**The data:**
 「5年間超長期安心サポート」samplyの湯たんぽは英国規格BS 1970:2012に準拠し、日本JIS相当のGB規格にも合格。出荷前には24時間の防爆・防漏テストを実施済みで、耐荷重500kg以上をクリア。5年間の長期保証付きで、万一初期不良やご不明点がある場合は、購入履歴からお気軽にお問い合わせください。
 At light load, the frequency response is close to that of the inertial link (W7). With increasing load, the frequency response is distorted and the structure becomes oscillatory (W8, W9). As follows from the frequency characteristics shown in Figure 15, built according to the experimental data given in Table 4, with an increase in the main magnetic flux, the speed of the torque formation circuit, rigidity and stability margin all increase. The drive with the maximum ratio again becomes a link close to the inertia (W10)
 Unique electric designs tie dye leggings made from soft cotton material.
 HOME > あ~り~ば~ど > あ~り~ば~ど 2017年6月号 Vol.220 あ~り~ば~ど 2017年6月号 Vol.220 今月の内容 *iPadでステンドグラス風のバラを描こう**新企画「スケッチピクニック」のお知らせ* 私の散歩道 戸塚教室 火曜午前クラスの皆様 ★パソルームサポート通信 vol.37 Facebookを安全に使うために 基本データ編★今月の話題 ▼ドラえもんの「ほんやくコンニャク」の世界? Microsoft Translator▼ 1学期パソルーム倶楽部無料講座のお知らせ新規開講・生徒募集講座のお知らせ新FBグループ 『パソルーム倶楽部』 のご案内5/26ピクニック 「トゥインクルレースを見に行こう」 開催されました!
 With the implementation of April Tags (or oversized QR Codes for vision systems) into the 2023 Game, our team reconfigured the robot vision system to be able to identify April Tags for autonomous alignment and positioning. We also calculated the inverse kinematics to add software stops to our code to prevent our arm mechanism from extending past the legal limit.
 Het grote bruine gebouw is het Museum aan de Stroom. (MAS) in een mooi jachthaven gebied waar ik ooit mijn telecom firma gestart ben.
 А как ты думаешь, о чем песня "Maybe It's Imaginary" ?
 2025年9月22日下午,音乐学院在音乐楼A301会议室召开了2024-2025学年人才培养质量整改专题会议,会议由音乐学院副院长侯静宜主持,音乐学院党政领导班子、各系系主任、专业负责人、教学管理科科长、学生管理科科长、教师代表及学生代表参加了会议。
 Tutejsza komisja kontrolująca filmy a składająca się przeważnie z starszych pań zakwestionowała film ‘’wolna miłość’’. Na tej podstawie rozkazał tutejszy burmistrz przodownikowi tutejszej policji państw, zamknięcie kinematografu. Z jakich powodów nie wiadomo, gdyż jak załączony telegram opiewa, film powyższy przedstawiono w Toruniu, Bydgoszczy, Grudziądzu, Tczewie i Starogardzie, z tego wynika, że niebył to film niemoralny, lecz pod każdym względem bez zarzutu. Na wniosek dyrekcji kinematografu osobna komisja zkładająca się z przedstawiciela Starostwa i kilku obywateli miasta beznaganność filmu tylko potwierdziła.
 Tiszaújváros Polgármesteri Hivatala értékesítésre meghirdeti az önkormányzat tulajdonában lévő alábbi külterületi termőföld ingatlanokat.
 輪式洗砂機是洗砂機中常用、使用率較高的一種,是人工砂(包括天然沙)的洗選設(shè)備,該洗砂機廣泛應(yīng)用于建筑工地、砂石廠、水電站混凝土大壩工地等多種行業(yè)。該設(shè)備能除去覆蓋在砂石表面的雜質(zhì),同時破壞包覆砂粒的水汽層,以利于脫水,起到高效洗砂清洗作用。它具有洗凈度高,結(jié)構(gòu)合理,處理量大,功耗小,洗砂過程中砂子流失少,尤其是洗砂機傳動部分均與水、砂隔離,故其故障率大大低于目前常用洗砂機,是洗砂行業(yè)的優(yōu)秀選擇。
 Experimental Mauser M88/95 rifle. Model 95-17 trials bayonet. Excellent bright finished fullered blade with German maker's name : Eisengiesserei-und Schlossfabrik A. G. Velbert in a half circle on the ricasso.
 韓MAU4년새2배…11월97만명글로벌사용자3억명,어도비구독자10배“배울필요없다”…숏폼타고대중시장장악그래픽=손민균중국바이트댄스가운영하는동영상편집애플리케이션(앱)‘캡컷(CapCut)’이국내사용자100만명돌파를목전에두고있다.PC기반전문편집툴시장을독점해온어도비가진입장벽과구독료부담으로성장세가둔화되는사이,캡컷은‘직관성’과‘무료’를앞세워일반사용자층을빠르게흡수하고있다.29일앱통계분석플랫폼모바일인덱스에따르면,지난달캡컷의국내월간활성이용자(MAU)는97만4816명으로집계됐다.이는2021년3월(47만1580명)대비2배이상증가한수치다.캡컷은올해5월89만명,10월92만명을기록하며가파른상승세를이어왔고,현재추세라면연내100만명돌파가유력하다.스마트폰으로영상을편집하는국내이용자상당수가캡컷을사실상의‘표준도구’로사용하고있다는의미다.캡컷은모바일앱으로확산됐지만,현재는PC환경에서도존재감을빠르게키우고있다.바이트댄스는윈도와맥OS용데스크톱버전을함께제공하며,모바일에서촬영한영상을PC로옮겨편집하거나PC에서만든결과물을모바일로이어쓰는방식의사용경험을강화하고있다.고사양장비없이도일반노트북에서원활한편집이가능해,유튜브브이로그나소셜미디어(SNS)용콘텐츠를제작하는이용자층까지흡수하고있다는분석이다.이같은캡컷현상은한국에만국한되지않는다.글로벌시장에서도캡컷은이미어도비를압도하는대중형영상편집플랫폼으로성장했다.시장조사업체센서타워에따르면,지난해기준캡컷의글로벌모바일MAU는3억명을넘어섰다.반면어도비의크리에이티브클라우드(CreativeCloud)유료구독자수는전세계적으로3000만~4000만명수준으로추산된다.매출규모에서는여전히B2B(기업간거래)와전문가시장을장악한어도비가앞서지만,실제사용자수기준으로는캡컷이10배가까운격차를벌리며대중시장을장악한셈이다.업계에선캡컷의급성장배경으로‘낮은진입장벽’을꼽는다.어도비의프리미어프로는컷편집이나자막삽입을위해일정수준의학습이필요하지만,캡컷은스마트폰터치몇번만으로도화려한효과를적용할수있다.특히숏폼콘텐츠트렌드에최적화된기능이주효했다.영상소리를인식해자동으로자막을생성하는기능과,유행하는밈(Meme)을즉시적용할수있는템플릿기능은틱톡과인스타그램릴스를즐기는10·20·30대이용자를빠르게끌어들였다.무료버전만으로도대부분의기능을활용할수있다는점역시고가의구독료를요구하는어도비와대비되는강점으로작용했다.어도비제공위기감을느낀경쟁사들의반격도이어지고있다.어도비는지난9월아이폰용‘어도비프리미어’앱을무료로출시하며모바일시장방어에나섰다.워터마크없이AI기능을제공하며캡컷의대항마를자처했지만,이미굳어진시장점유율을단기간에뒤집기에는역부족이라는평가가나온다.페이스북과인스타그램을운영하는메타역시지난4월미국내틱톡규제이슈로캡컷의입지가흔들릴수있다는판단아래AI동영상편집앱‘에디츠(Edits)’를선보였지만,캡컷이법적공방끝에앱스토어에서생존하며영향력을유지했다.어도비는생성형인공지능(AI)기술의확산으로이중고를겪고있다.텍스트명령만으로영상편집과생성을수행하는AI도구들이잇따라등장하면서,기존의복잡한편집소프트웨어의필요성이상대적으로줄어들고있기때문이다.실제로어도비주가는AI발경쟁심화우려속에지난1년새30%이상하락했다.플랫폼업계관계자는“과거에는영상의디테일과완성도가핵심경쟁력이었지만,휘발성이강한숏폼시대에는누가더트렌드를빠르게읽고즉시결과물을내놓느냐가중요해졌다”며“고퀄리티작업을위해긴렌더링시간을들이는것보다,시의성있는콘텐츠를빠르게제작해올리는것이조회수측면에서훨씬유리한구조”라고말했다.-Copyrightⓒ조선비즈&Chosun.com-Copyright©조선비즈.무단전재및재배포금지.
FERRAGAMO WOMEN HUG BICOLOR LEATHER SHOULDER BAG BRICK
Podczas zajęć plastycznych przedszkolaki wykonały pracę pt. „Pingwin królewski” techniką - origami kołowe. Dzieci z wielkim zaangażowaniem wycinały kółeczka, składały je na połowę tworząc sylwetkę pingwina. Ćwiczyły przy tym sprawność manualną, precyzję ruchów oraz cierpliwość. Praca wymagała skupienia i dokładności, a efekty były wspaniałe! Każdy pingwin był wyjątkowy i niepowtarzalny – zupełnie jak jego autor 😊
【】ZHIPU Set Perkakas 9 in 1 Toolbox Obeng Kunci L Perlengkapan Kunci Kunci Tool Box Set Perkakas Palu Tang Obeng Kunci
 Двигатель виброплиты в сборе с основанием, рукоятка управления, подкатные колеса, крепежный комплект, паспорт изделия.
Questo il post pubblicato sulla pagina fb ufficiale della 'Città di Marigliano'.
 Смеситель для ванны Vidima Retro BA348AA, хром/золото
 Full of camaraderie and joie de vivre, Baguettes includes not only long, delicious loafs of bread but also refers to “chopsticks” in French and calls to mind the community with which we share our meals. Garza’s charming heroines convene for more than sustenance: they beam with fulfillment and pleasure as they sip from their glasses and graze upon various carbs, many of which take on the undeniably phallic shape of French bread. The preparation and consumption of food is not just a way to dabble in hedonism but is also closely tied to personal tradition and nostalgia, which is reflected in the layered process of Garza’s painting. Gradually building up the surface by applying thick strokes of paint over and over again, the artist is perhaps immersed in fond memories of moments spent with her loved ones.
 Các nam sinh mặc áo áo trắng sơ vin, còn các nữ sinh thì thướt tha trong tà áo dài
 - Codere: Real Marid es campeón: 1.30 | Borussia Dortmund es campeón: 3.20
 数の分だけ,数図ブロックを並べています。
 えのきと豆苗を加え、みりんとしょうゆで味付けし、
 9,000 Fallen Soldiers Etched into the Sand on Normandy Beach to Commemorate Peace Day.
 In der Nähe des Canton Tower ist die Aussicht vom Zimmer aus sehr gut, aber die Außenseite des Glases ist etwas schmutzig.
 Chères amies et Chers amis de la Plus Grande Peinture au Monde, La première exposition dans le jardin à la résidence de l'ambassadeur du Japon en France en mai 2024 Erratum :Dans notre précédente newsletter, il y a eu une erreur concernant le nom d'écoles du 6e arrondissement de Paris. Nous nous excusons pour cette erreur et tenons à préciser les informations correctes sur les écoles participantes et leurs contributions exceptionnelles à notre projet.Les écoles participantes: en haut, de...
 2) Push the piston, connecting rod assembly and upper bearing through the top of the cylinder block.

**The problem:**
Go through the material above and count the lines that contain "from"; answer with the number alone.

**Written solution:**
4